2. A method of removal of sulfur from coal as set forth in claim 1 wherein the step of introducing the pulverulent mix of coal, mineral oxide and catalytic agent into the combustion zone of said furnace comprises the step:
(a) Compacting said mix in a form as selected from the form group consisting of briquets and pellets.
3. A method of removal of sulfur from coal as set forth in claim 1 wherein the mineral oxide from the spinel group comprises:
(a) A natural-occurring material selected from the group consisting of flue dust from steel-making containing ferrite, red-mud from aluminum-making, retort residue from zinc-making and tailings from the mining of ores of zinc, copper or manganese.
4. A method of removal of sulfur from coal as set forth in claim 3 wherein the mix of the pulverulent coal and the flue dust from steel-making comprises a ratio of approximately four parts of coal to one of flue dust.
5. A method of removal of sulfur from coal as set forth in claim 1 wherein the catalytic agent for oxidizing sulfur dioxide comprises ferric oxide.
Description
BACKGROUND OF THE INVENTION

This application is a continuation-in-part of application to METHOD FOR REMOVAL OF SULFUR DIOXIDE FROM HYDROCARBON FUELS AT THE POINT OF COMBUSTION, Ser. No. 816,310 filed July 18, 1977 and now abandoned.

The present clean air standards limit sulfur dioxide emissions from industrial and public utility power plant furnaces. Plants burning commercial-grade coal presently use scrubbers to remove the sulfur after burning or a coal cleaning process called solvent-refining to remove it before. Although solvent-refining has the advantage of taking the pollutants out of coal before it is burned instead of afterwards, it can currently just meet present sulfur emission standards which the EPA is required to set more stringently as the best-available technology evolves.

On the other hand, capital costs involved with the installation of scrubber equipment are huge.

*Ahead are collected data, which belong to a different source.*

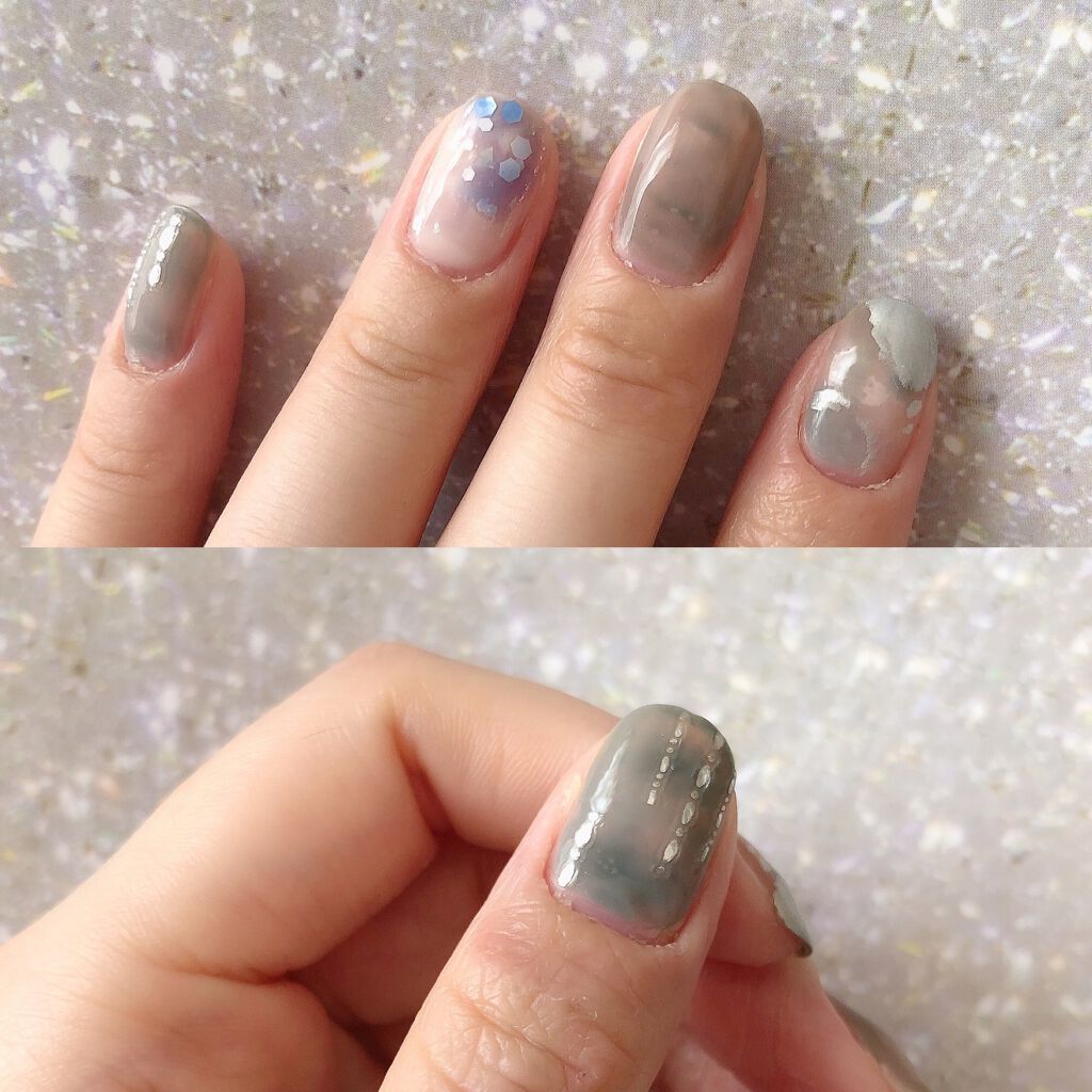 ジェルネイル成分*が配合された 進化したマニキュア 大人っぽい可愛さと、60秒速乾なところが特長です( ´•ᴥ•` )✨ 128フェイト……くすんだプラムカラーにラメぎっしりで めーーちゃ大人可愛いネイルです✧*。 乾くのすごい早くて助かりの極み これは寝る前にサクッと塗れるネイルです。
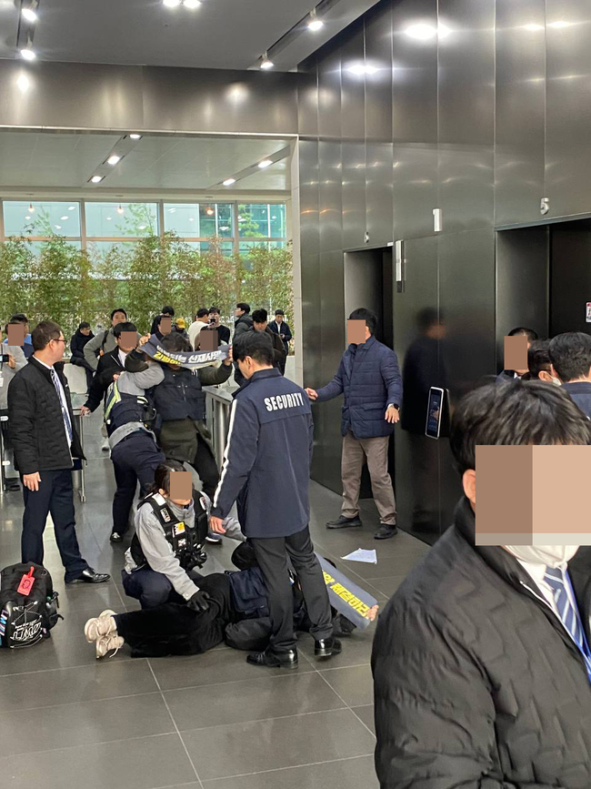 이들은 이날 쿠팡 본사에서 '물류센터 산재사망 쿠팡이 책임져라', '개인정보 유출 김범석이 책임져라' 등의 문구가 적힌 펼침막을 내걸고 김범석 쿠팡Inc 이사회 의장과의 면담을 요구하며 김 의장 사무실로 가려다 경찰에 체포됐다.
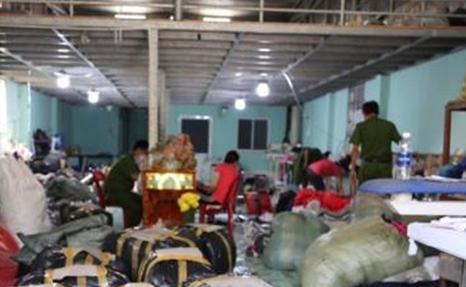 Lực lượng Công an đã lập biên bản, thu giữ được 19.630 chiếc quần, áo thành phẩm có in logo các thương hiệu như: Nike, Adidas, Icard, cùng nhiều máy may, máy in, máy ép nhãn hiệu; 1.200 chiếc quần, áo chưa thành phẩm. Ngoài ra, Công an còn phát hiện, thu giữ tại kho của cơ sở này 10.578 kg vải cây nguyên liệu.

This invention covers a new and unobvious development in the art over that covered in my U.S. Pat. No. 3,983,218 for METHOD FOR DRY REMOVAL OF SULFUR DIOXIDE FROM FURNACE FLUE, COAL AND OTHER GASES.

SUMMARY OF THE INVENTION

The gist of this invention lies in a process for reducing the sulfur emissions from stoker furnaces using briquets and/or pellets of coal and a sulfur dioxide absorbent that are burned on the fuel-bed of the furnace to remove the sulfur just after its combustion but before the ignition of the hydrocarbons in the coal; which briquets and/or pellets comprise at least a stochiometric mix of pulverized commercial coal and a pulverized prepared sulfur dioxide absorbent selected from the group consisting of ferrites and mineral oxides, or a pulverized natural-occurring sulfur dioxide absorbent selected from the group consisting of tailings from the mining of zinc, copper or manganese ore, flue dust from steel-making, pulverized red mud from aluminum-making and pulverized retort residue from zinc-making; the said mix having roughly the ratio of four parts of coal to two parts of the natural-occurring material; wherein said burning involves the chemical union of sulfur dioxide, formed from the oxidation of the sulfur in the coal at 684 F. in the combustion zone of the furnace, with oxygen in the air in the presence of a trace of ferric oxide to form sulfur trioxide, which trioxide further reacts with water vapor from released hygroscopic water in the raw coal to form the bivalent sulfate group in vaporized sulfuric acid; said sulfur being precipitated from the fuel bed as sulfates which are the oxidation product of said absorbent material and said sulfuric acid, and which drop as conglomerate solids with the ash in the coal to the bottom of the furnace while not substantially adding to the problem of fly ash removal from the flue gas out the stack.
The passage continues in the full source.